In determining whether the evidence proffered by the state is adequate to avoid dismissal, such proof must be viewed in the light most favorable to the state. See State v. Patterson, 213 Conn. 708, 717, 570 A.2d 174 (1990); State v. Morrill, 193 Conn. 602, 611, 478 A.2d 994 (1984).State v. Kinchen, supra, 243 Conn. 691.

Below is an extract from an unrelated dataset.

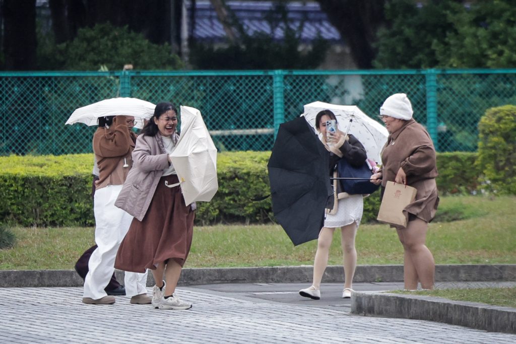 台北市19日飄細雨,遊客在中正紀念堂撐傘遭陣風吹翻,仍不減興致拍照留念。(中央社)

Fact-Finding, Inferences, and Circumstantial Evidence
It is axiomatic that the burden in criminal cases is on the prosecution to prove each essential element of the alleged crime beyond a reasonable doubt and that there is no burden on the defendant to prove his innocence. State v. Gabriel, 192 Conn. 405, 413, 473 A.2d 300 (1984). State v. Anonymous, 179 Conn. 516, 519, 427 A.2d 403 (1980); State v. Jackson, 176 Conn. 257, 258, 407 A.2d 948 (1978); see Mullaney v. Wilbur, 421 U.S. 684, 699-701, 95 S.Ct. 1881, 1889-91, 44 L.Ed.2d 508 (1975); In re Winship, 397 U.S. 358, 364, 90 S.Ct. 1068, 1072, 25 L.Ed.2d 368 (1970). In finding guilt beyond a reasonable doubt, a jury may not resort to speculation and conjecture but it is clearly within the province of the jury to draw reasonable, logical inferences from the facts proven. State v. Haddad, 189 Conn. 383, 388, 456 A.2d 316 (1983); State v. Gaynor, 182 Conn. 501, 503, 438 A.2d 749 (1980); State v. Festo, 181 Conn. 254, 259, 435 A.2d 38 (1980); State v. Jackson, supra .State v. Morrill, 478 A.2d 994, 997-98 (Conn. 1984).
Generally, intent can be proved only by circumstantial evidence. State v. Harrison, 178 Conn. 689, 695, 425 A.2d 111 (1979); State v. Bzdyra, 165 Conn. 400, 403, 334 A.2d 917 (1973)." ‘Intent may be, and usually is, inferred from conduct. State v. Cofone, 164 Conn. 162, 164, 319 A.2d 381 [1972]; State v. Smith, 157 Conn. 351, 354, 254 A.2d 447 [1969]. Intention is a mental process, and of necessity it must be proved by the statements or actions of the person whose act is being scrutinized. State v. Cofone, supra, 164, 319 A.2d 381; State v. Mazzadra, 141 Conn. 731, 735, 109 A.2d 873 [1954]. A person’s intention is to be inferred from his conduct. Kiernan v. Borst, 144 Conn. 1, 6, 126 A.2d 569 [1956].’ State v. Bzdyra, [supra ]." State v. Sober, 166 Conn. 81, 92-93, 347 A.2d 61 (1974). Where there is sufficient evidence to support a reasonable inference that the defendant intended to commit the crime charged, whether such an inference should be drawn is properly a question for the jury to decide. State v. Sober, supra, 93, 347 A.2d 61State v. Morrill, 478 A.2d 994, 998 (Conn. 1984).
Conclusion
As there is, in viewing the allegations and the reasonable inferences to be drawn therefrom, probable cause to believe that the defendant committed the two challenged offenses, the defendant’s motion to dismiss the current charging document is denied.